It happened early in the fourth quarter during a long replay review, minutes after Reed was flagged for a helmet-to-helmet hit on receiver Emmanuel Sanders, the penalty that led to the NFL announcing Monday it was suspending Reed for one game. I don't know what was said, but the visit obviously was convivial rather than confrontational. Reed shook hands with safety Ryan Clark and several other Steelers. It appeared they could have been chatting over the lettuce in a supermarket produce department.

The moment came and went quickly when play resumed, but it provided a classic snapshot of how Reed approaches the game. He isn't a chest-beating kill-the-enemy guy, nor is he a trash talker. A lot of other players wouldn't chat idly with the opposition during a game, but Reed respects the other side as much as he respects his own.

That's the irony in the league singling him out as its latest poster child for rough play, making him the third player in the past two years to be docked a game's pay, reportedly costing Reed $423,529. He isn't a headhunter. While he understands football is a physical game, that isn't his thing. He's much more into the chess match, the science of the secondary, outsmarting the other side rather than out-toughing it.
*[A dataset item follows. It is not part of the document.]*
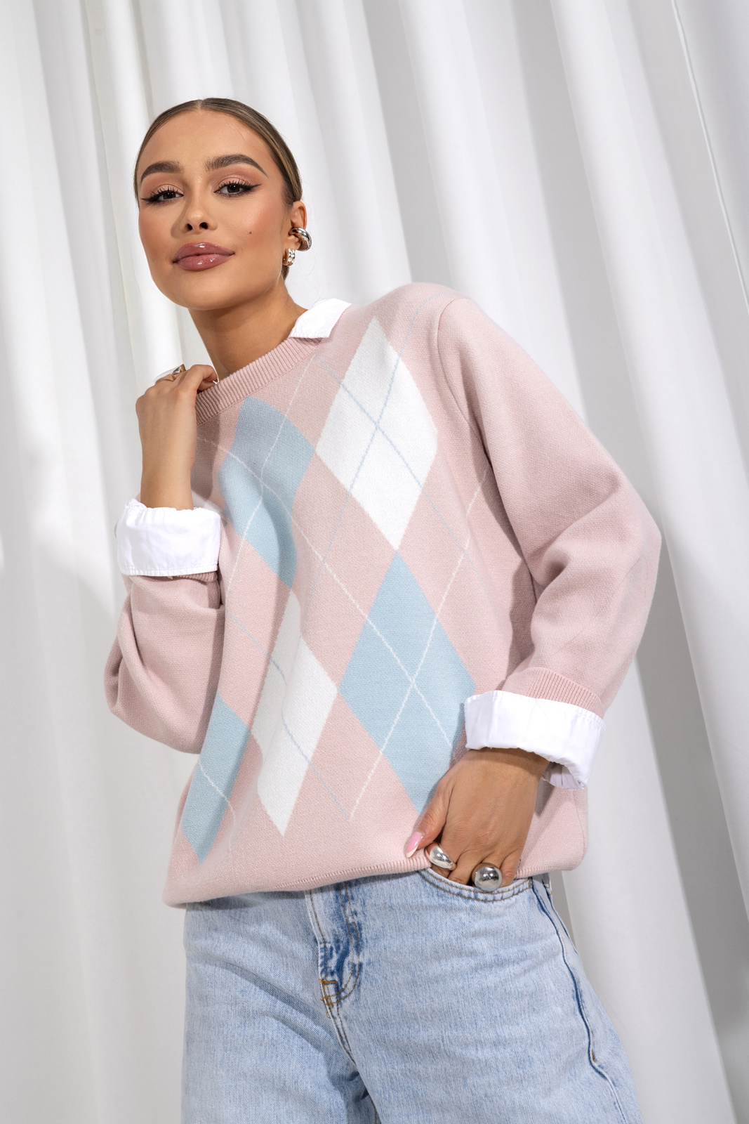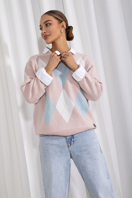 Sweter romby to połączenie modnego wzoru, staranności wykonania i komfortu noszenia.

The last thing he is is some punk out for blood, as this suspension suggests. The other side gets that entirely. Within minutes of Monday's announcement, Ryan Clark tweeted, "Tough on Ed getting suspended. I can't say that I agree w that. It was a penalty but I don't believe he was intentionally trying to harm E."


Reed doesn't play that way. Why do you think Bill Belichick showers him with more love than just about any other opposing player? Belichick loves how Reed plays.

Why do you think New England receiver Deion Branch slapped hands with Reed on the field earlier this season after the second of the three flagrant hits that led to Reed being suspended? There were no hard feelings.

"He's a good person, and he's got a good heart," Harbaugh said. "He's got tremendous respect for the game, and we stand behind him in that respect as a team and as an organization."

That comment is spot on. Reed plays to win, not to injure.

You will notice Harbaugh didn't suggest the flags on Reed (two this year, one in 2010) were unjust. The fact is they were all penalties according to the rulebook, which contains specific language about where and how one player can strike another.

Reed is appealing, which is understandable, but he is going to have to explain why he elected to go in so high.

We can spend all day debating whether the rulebook is making the game better or worse. A lot of players and fans think it's making the game too soft, but someone needs to be the adult in the room. Far too many former players are suffering for the league not to endeavor to do a much better job of protecting its players.

So while fans are outraged and Reed surely is, too, this is simply part of pro football's new politics, the NFL world we now live in. The evolution is necessary. You can love it or leave it.

Is the league making an example of Reed? Yes, absolutely. Not because he plays for Baltimore or is a high-profile guy. It is simply seeking to illustrate to its rank-and-file what is unacceptable.

But while it does that, it should consider giving its officials more latitude in determining a hit's flagrancy, i.e., let them take into account what is willful, punk or unavoidable, as in when a receiver moves his head just before a collision and makes it a helmet-to-helmet shot, as Sanders did, however unintentionally. If the NFL is going to go so far as to take almost a half-million dollars out of the pocket of a guy who is respected for playing the game right, maybe its mechanism needs to be more sophisticated.